The year is 2081, and everyone is finally equal in every way. Beautiful faces are covered with hideous masks, and intelligent men are required to wear a radio that sends out noise. It is a world where no one is uglier or stupider. This is the starting point of “Harrison Bergeron”.
Or perhaps a story about an army colonel whose plane landed on the Asiatic mainland and who had to face the communist leader during the Cold War and had to play human chess with his family and men as the pieces could be more interesting. This story is called “All the King’s Horses”.
In this short story collection, one of America’s most famous writer and humorist Kurt Vonnegut brings stories that convey a general yet perceptive message to humankind.
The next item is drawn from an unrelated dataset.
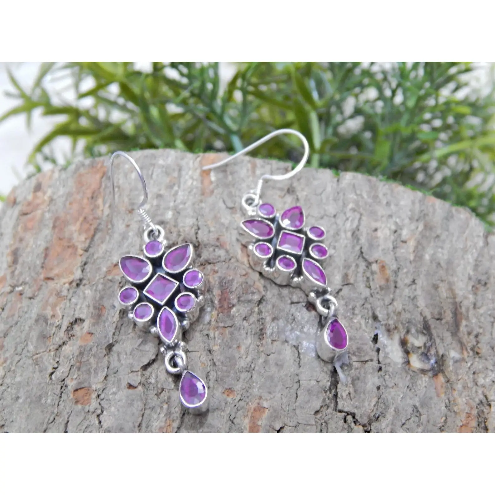 925 Sterling Silver Minimalist Wedding Jewelry Elegant Natural Ruby Flower Earrings and Ring Watches Gift for Her

Stories such as “Welcome to the Monkey House” are futuristic tales set in a depressing time where suicide and sterilization are recommended due to overpopulation. Stories such as “The Manned Missiles” address the problem of war, of its consequences that could have a devastating effect on the people. “The Euphio Question” introduces a sound which makes the listeners happy to the point of being euphoric, thereby criticizing those who seek to buy happiness rather than work for it. These stories are full of wit and laughter, but are at the same time invaluable lessons that provide an insightful and sharp perspective of our modern society.
At this point, some readers argue that his ideas and messages are banal, that there is nothing new to his attempts to stop wars or materialism. However, what is most surprising in this collection is perhaps the clarity and honesty with which he speaks that makes any ludicrous situation seem real. He never says that missiles shouldn’t be fired; he simply portrays two fathers of countries in conflict who has to admit that his son died inside a missile, but couldn’t do anything about it. What he’s trying to say might be what we have heard dozens of times, but the stories are intertwined and crafted with a subtlety and concision that cannot be easily imitated, proving to be a worthy read.
The start of a new semester, the end of a vacation can be a stressful and difficult time to everyone. Filled with worries and works that need to be done, many people cannot find the time to read a long novel at this period. A “bite” of Vonnegut’s short stories- which could be counted as timeless classics after almost 50 years of its publication- will be a meaningful and inspiring way to start a new month.